Ein Richter klagt vor dem Dienstgerichtshof in Stuttgart gegen seine Chefin. Sie hat ihn ermahnt, schneller zu arbeiten.

Stuttgart - Ein ungewöhnliches Verfahren beschäftigt die Justiz in Stuttgart: Ein Richter wehrt sich gegen die Ermahnung seiner Vorgesetzten, schneller zu arbeiten. Für die einen ist das ein Einzelfall, andere sehen die Unabhängigkeit der Justiz bedroht.

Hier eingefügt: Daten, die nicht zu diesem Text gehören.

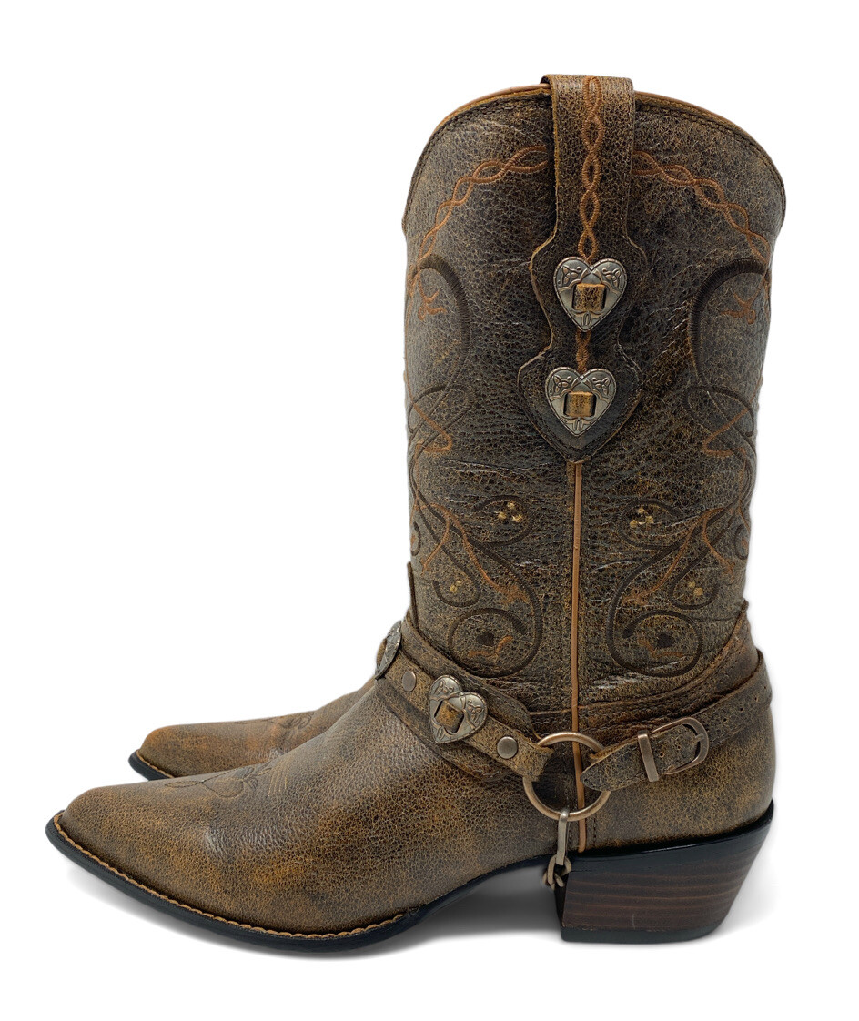 Up for purchase is this pair of Durango Crush Heartbreaker Harness Heart Concho Brown Leather Cowboy Boots RD4155 Women’s Size 10M. Boots are in overall very good pre-owned condition with light cosmetic wear. Images are part of the item description so please see all images for more details. If you have any questions please let us know. Thank you

Die Anwältin des Richters hat am Freitag zu Beginn der Verhandlung vor dem Dienstgerichtshof für Richter am Stuttgarter Oberlandesgericht (OLG) einen Befangenheitsantrag gestellt. Es sei keine unparteiische Entscheidung des Gerichts zu erwarten, sagte Anwältin Christina Gröbmayr. Sie bemängelte, dass die Präsidentin des OLG Karlsruhe nicht zu dem Verfahren geladen wurde. Ein persönliches Erscheinen sei notwendig, um den Sachverhalt aufzuklären.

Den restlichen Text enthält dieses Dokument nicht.